After stalling for years, Georgia lawmakers finally voted Wednesday to eliminate two school board seats in DeKalb County, possibly inviting racial discord at a time when the district’s accreditation hangs in the balance.
The Senate approved House Bill 979 with minor changes that were quickly ratified by the House. The bill reduces the school board to seven members from nine by eliminating the two at-large seats. Those seats are among the six held by black board members and are the only two selected by all voters in the largely Democratic and largely black county.
Superintendent Michael Thurmond implored lawmakers to delay the downsizing, citing concern about a flare-up of the antagonisms that led an accreditation agency to put the district on probation. The Southern Association of Colleges and Schools recently lifted probation but warned that the district had a long way to go for full accreditation. A group of senators, including Steve Henson, D-Tucker, backed an amendment that would have kept the board intact another two years, but it was handily defeated.
“I think it’s somewhat divisive,” Henson said after the Senate vote. “This map just did away with those two seats that were represented by minorities without letting us redraw the map to represent the community.”
Proponents of a smaller board responded that they had no choice, with just days until the deadline to register candidates for the May 20 board election. The Republican-controlled General Assembly had mandated a smaller board three years ago but left it to local lawmakers to figure out how to redraw the electoral map.
The House delegation couldn’t reach a consensus. Last week, they mustered — barely — enough signatures to approve a map, but it generated little enthusiasm in the Senate. It proposed one largely-white board district in and around the Republican stronghold of Dunwoody in far north DeKalb, and six largely black districts that stretched north like fingers from the southern county line.
Rep. Mike Jacobs, R-Brookhaven, a sponsor of the bipartisan bill approved Wednesday, said it was an “ugly” map that split neighborhoods and schools between multiple board districts. He said he got together with a handful of Democrats who agreed it was expedient to remove the at-large seats because that accomplished the downsizing without moving any lines on the map. The county elections chief had said she wouldn’t have time to notify all voters about their new districts, as required by law, if the lines shifted much.
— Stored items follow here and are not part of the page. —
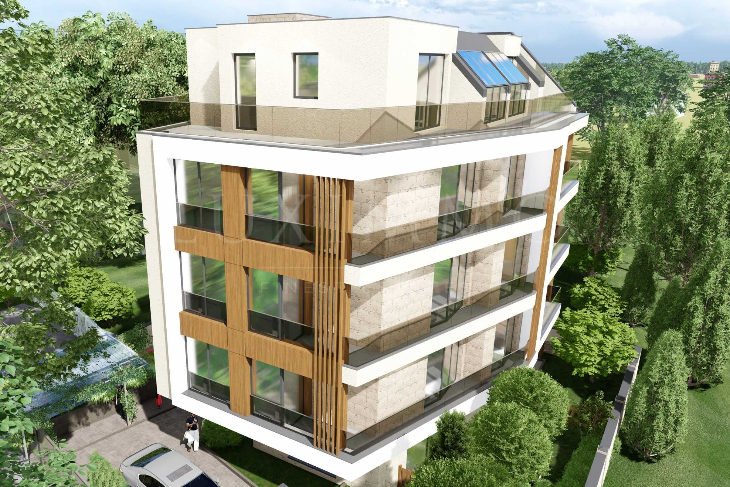 Сградата е с разгъната застроена площ от 1 298 кв.м, с модерна визия и висок клас изпълнение, като на всеки етаж са разположени само по два апартамента.
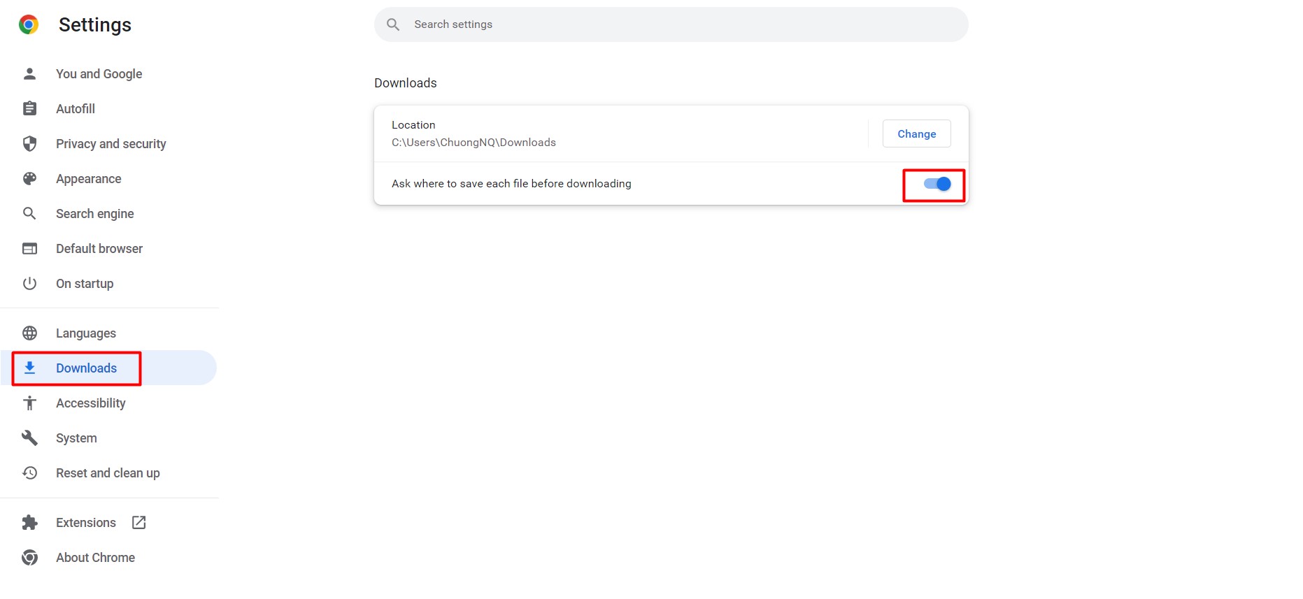 Hướng dẫn bật tính năng hỏi vị trí lưu file khi download trên chrome
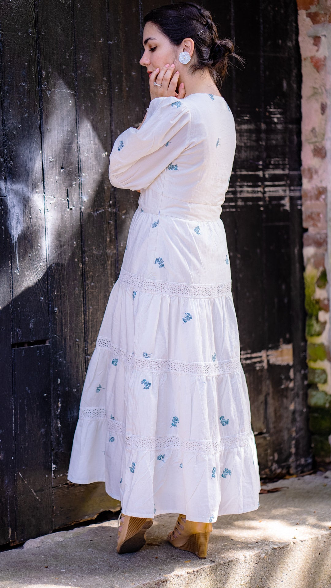TERESA EMBROIDERED BLOUSE WITH RUFFLES | TEAL POPPY
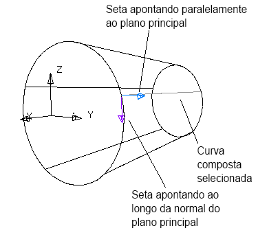 Considere a seguinte curva composta sobre uma superfície. Com Normal ao plano principal selecionado (por padrão) nas opções em Medir ângulo a partir de, as setas apontam conforme mostrado abaixo.
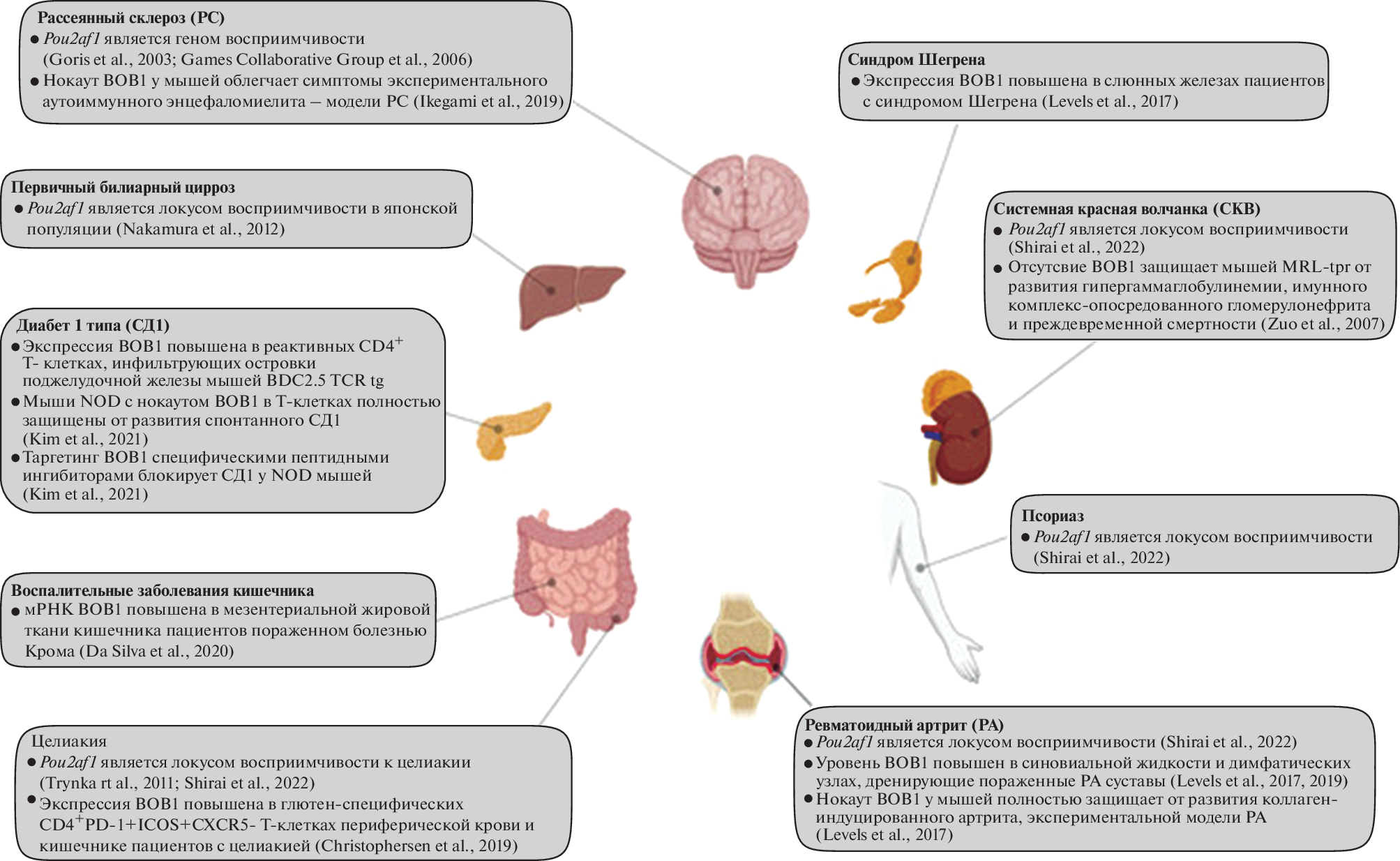 - Yeremenko N., Danger R., Baeten D., Tomilin A., Brouard S. 2021. Transcriptional regulator BOB.1: Molecular mechanisms and emerging role in chronic inflammation and autoimmunity. Autoimmun. Rev. V. 20. P. 102833.
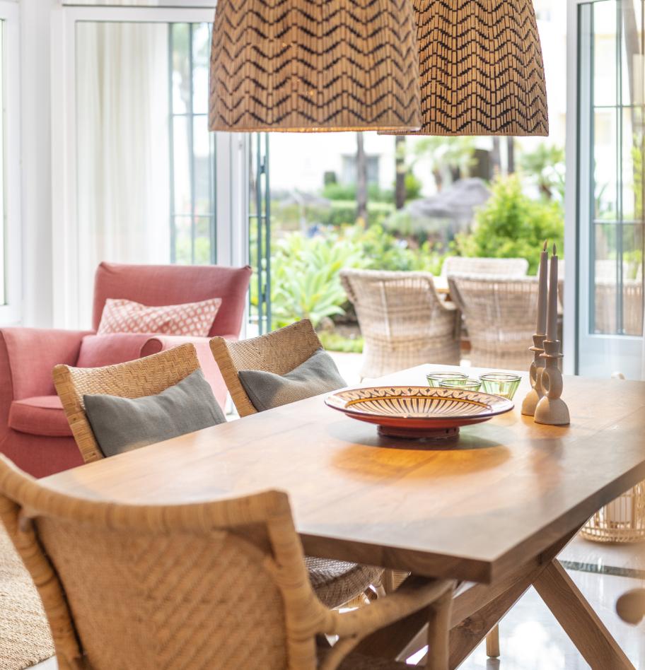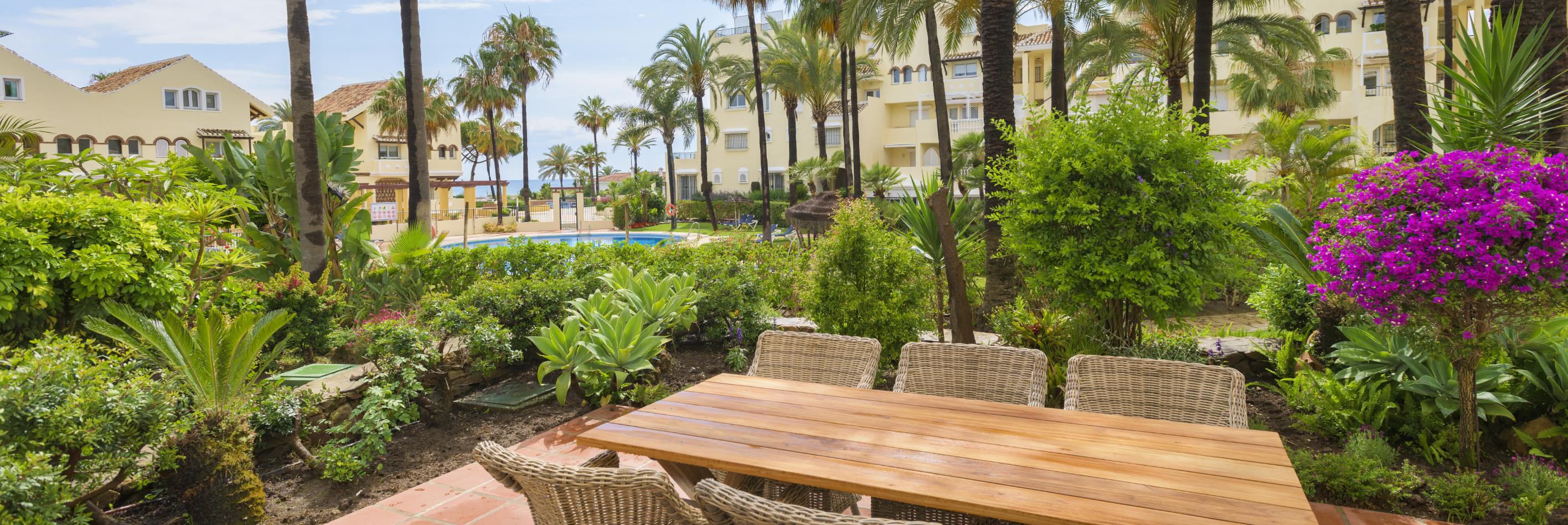 Härlig lägenhet med trädgård och direkt access till stranden. Här njuter man av livet.

Jacobs said it’s better to have fewer board members because it means “fewer agendas at work.”
Thad Mayfield, whose school board seat will be eliminated if Gov. Nathan Deal signs the bill into law as expected, said he assumed all along that this would happen. He doubted it would prove controversial.
“The change from nine to seven was imminent in the minds of most people, and I would think if there were some concerns about that in the south end of the county I would have heard it,” he said. “And I haven’t heard anything.”